Our rescue will certainly adopt to seniors, but they make sure the fit is a good one. My husband and I walk our neighbor's golden because they are not physically able to, so they get the companionship and their dog gets needed exercise, plus she adores our Finn, so she gets to kiss her boyfriend every day


----------



## Dallas Gold (Dec 22, 2007)

Finn's Fan said:


> Our rescue will certainly adopt to seniors, but they make sure the fit is a good one. My husband and I walk our neighbor's golden because they are not physically able to, so they get the companionship and their dog gets needed exercise, plus she adores our Finn, so she gets to kiss her boyfriend every day


You are a very nice neighbor. You are right, they get the wonderful companionship of their dog and you get the benefits associated with exercising, a win-win!


----------



## Bob Dylan (Mar 31, 2009)

My Mom (80) adopted a female one year ago. The shelter rescued her from being euthanized at another shelter, they were going to put her down because she weighed 120 lbs. and could not go up stairs. WELL, you should see her now ,she just had her yearly check-up and now is 68 lbs. and can counter surf.She has come a long way, Bella and my Mom make a good team! Bella is about 7yrs. old.


----------



## mylissyk (Feb 25, 2007)

GRRNT adopted a dog last weekend to a couple in their 70'/80's. They originally came looking for a 1-3 year old dog because they had just lost theirs, but fell in love a 6 to 8 year old dog perfect for them.

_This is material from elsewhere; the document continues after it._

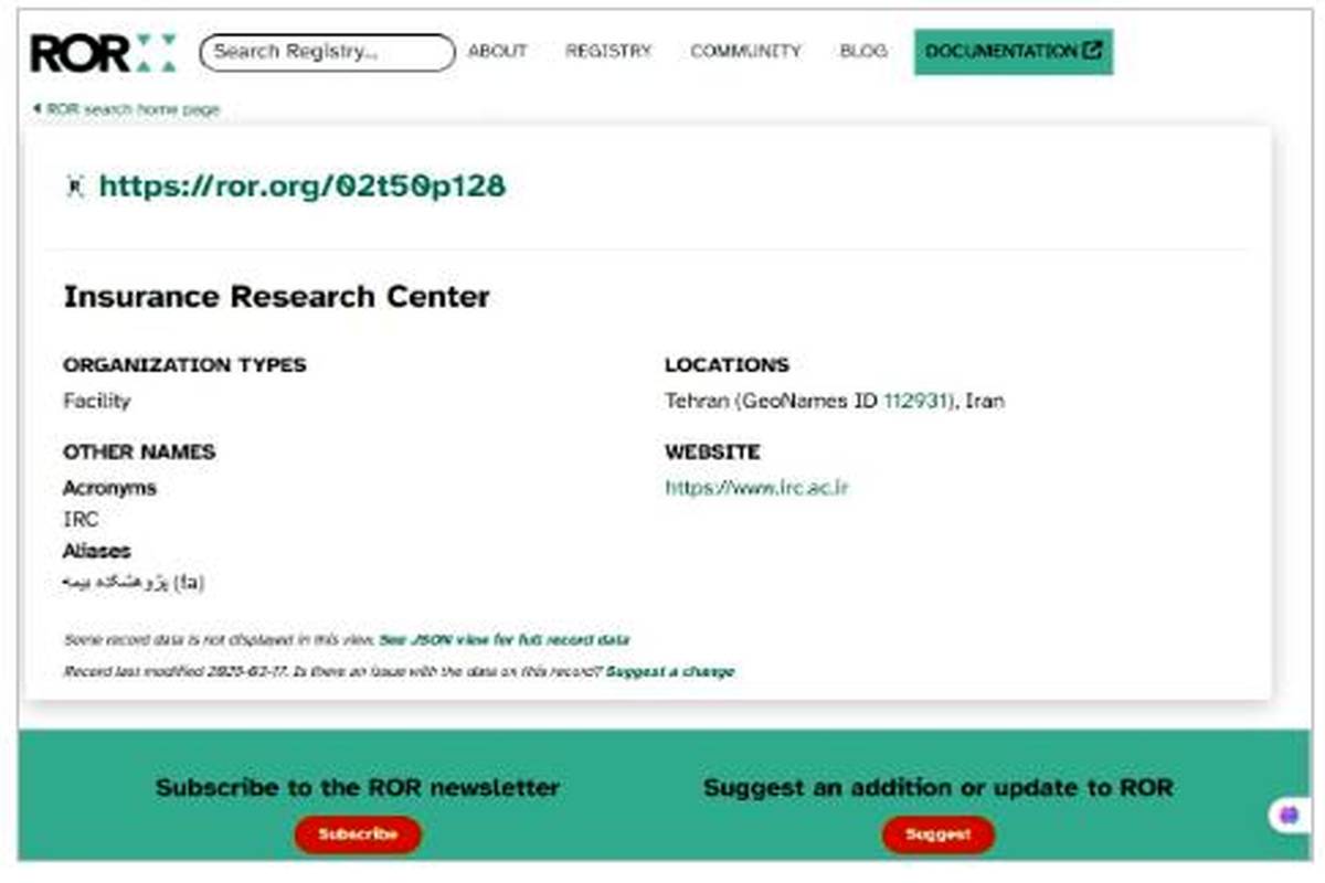 در تازه‌ترین دستاورد علمی و بین‌المللی، پژوهشکده بیمه موفق به ثبت رسمی در سامانه جهانی ثبت سازمان‌های پژوهشی ۱(ROR) شد. این ثبت، پس از انجام مکاتبات رسمی با این نهاد بین‌المللی، با موفقیت انجام پذیرفت و نام پژوهشکده بیمه به عنوان یک سازمان پژوهشی معتبر در پایگاه ROR درج گردید.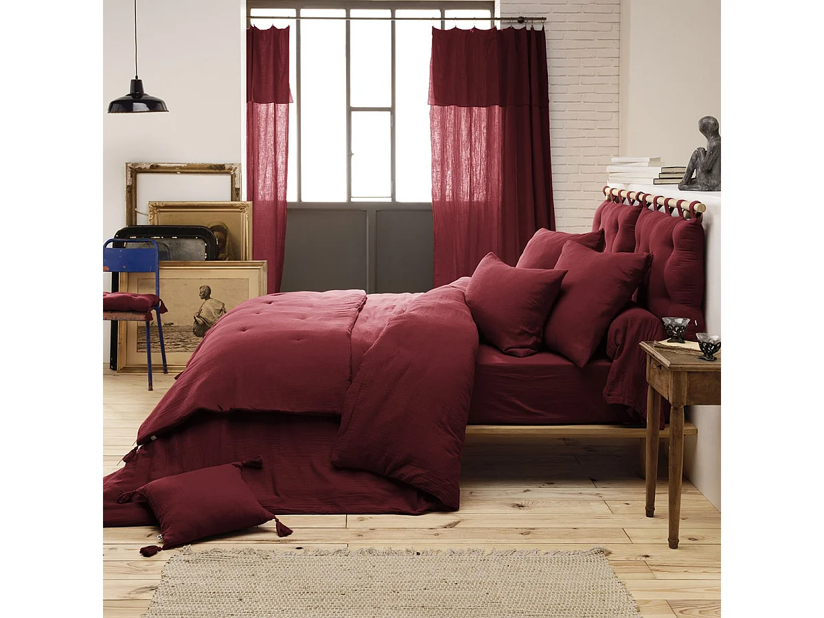 OUREA - Chemin de Lit 90x200cm Capitonné Gaze de Coton Lie de Vin

It is about matching the right dog with the right family.


----------



## Karen519 (Aug 21, 2006)

*Yes*

yes

I am sure rescues adopt to older people and many times it is the Best home!

After all, when people are a little older they are usually home more and have lots of love and time to give a pet. It's a win-win situation for the pet and for the people as we all know how good pets are for us-mentally and physically!!

MY beloved parents who are gone now, adopted a cat, they always had dogs before, when they were in their 80's. The rescue only asked my Sister and I if we would take Mocha if something happened to them.

I hope this wonderful couple gets a dog to love very soon!!!


----------



## BumblesBounce (Jan 31, 2010)

AquaClaraCanines said:


> I would place a dog 8 or over with them, so long as their immediate family would be regularly involved with the dog, the dog would know to them, and it was in writing that they (the family) would take the dog if the owners passed away or couldn't keep him any longer.


We have the same policy regarding having in writing what family member would take the dog if they passed away or couldn't keep him any longer. We place dogs of varying ages, depending on the applicants and the dog.


Golden Retriever Rescue of Southern Maryland


----------



## sharlin (Feb 26, 2007)

As others say - it's a case by case. The home visit will help determine the right dog for the right people. But age usually doesn't make a difference.


----------